This paper presents a method to assess the granularity of microservices with respect to maintainability. The method is based on metrics that are relevant for maintainability, namely change coupling, structural coupling, weighted service interface count, lines of code, service interface data cohesion, and change frequency. By evaluating these metrics, our method can assess refactors of a microservices architecture according to maintainability requirements. To automate the execution of this method and capture these metrics, we reused available tools and developed features to extract relevant information from code repositories. We validated our method with three open source projects of different sizes and structures, and this paper discusses two of them. Our results show that the design decisions identified by our method are mostly in accordance with the maintainability evolution as perceived by the experts involved in the investigated projects, which indicates that our method can be potentially used as a component in a design decision support tool especially for enterprise applications.

This paper is further structured as follows: Sect. 2 discusses related work, Sect. 3 describes our research approach, Sect. 4 defines the metrics to assess the granularity of microservices from a maintenance perspective used in our method, Sect. 5 introduces our assessment method, Sect. 6 describes the validation of our method and Sect. 7 gives our final remarks.

2 Related Work

Inherent to the popularity of microservices is the intensive research on this topic. However, we found only a few publications that focus directly on assessing the granularity of microservices. A method to collect coupling metrics at runtime with focus on monitoring the evolution of maintainability in an MSA is introduced in [3]. Although their results are promising, as the evolution in metrics seems to correspond with the architectural evolution of the system, their method does not assess cohesion and requires a test suite covering the complete system, which decreases the accessibility of their method as such a test suite is not always at hand. Our research addresses these limitations by introducing metrics that capture cohesion as well as coupling and size, providing a different perspective for evaluating maintainability in relation to granularity.

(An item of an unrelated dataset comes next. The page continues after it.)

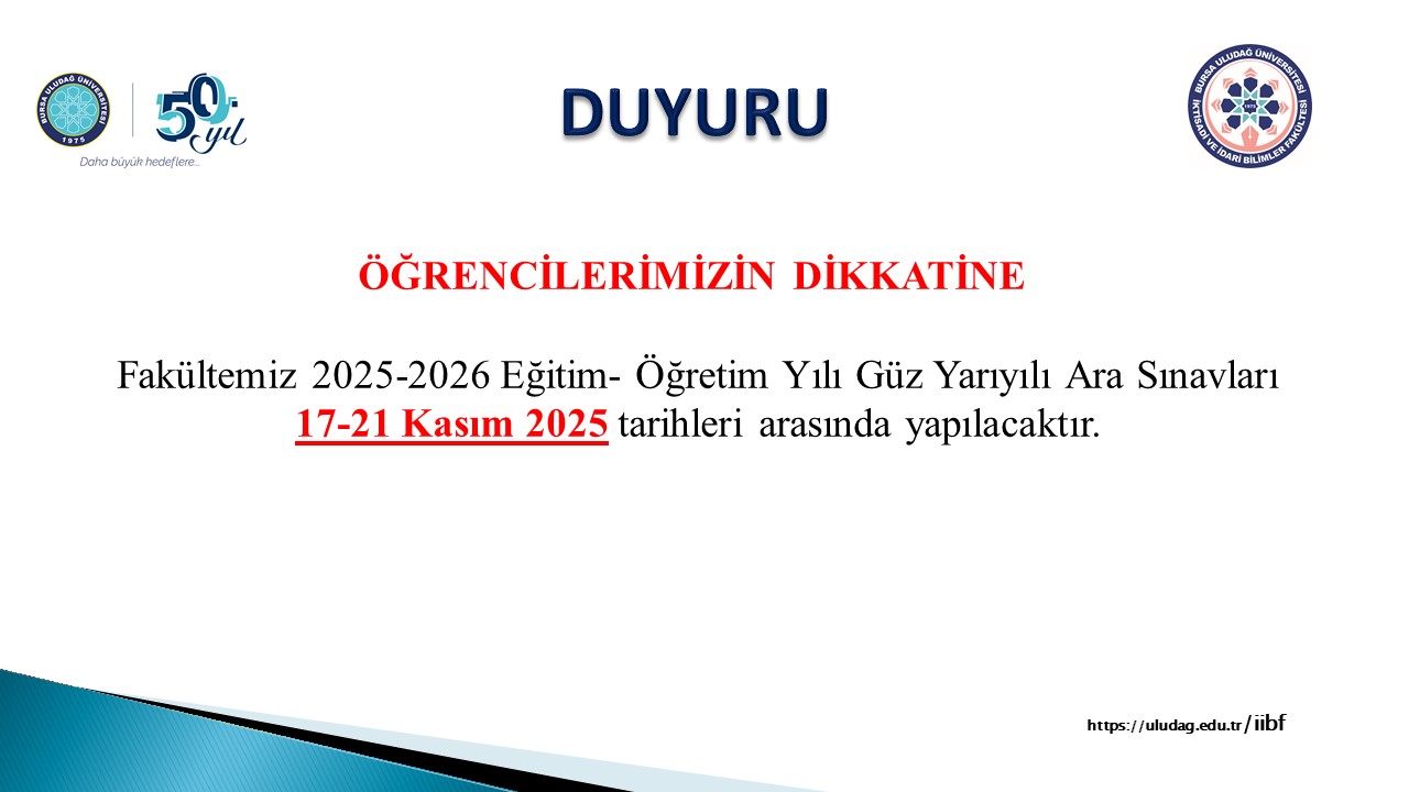 2025-2026 Eğitim- Öğretim Yılı Güz Öğretimi Ara Sınav Tarihleri

A method based on Model-Driven Engineering techniques is introduced in [8], which provides insight into the evolution of different quality attributes of an MSA in reaction to architectural changes. An obstacle to using their approach is that a model of the architecture is required. Although there are techniques to automatically recover architectures from MSAs [2, 10, 11], these techniques require specific input data that is not always available. In contrast, our work focuses primarily on maintainability and uses metrics that can be automatically obtained from the software and version control data. Our research complements existing works by offering a different method that uses a larger metric suite and improves the understanding and evaluation of microservice architecture quality.

3 Approach

This section discusses the problem context, our research steps and the selection of cases to develop and validate the method.

3.1 Problem Definition

Currently, practitioners identify service boundaries (and therefore their granularity) primarily based on their experience and insight without making use of any frameworks or tools, except for DDD [9, 22]. However, DDD fails to offer concrete decision support, leaving room for subjectivity, and we can never be sure that sufficient experience for determining microservice boundaries is available in each MSA-based project. Furthermore, it is not possible to define some generic optimal granularity values that apply in all circumstances, since varying system requirements often require different levels of granularity. For example, while finer-grained services are locally less complex, the whole application may become less flexible if these services are tightly coupled. Hence, a method to support granularity decisions cannot be agnostic with respect to system requirements, i.e., it should consider granularity from the perspective of some specific requirement.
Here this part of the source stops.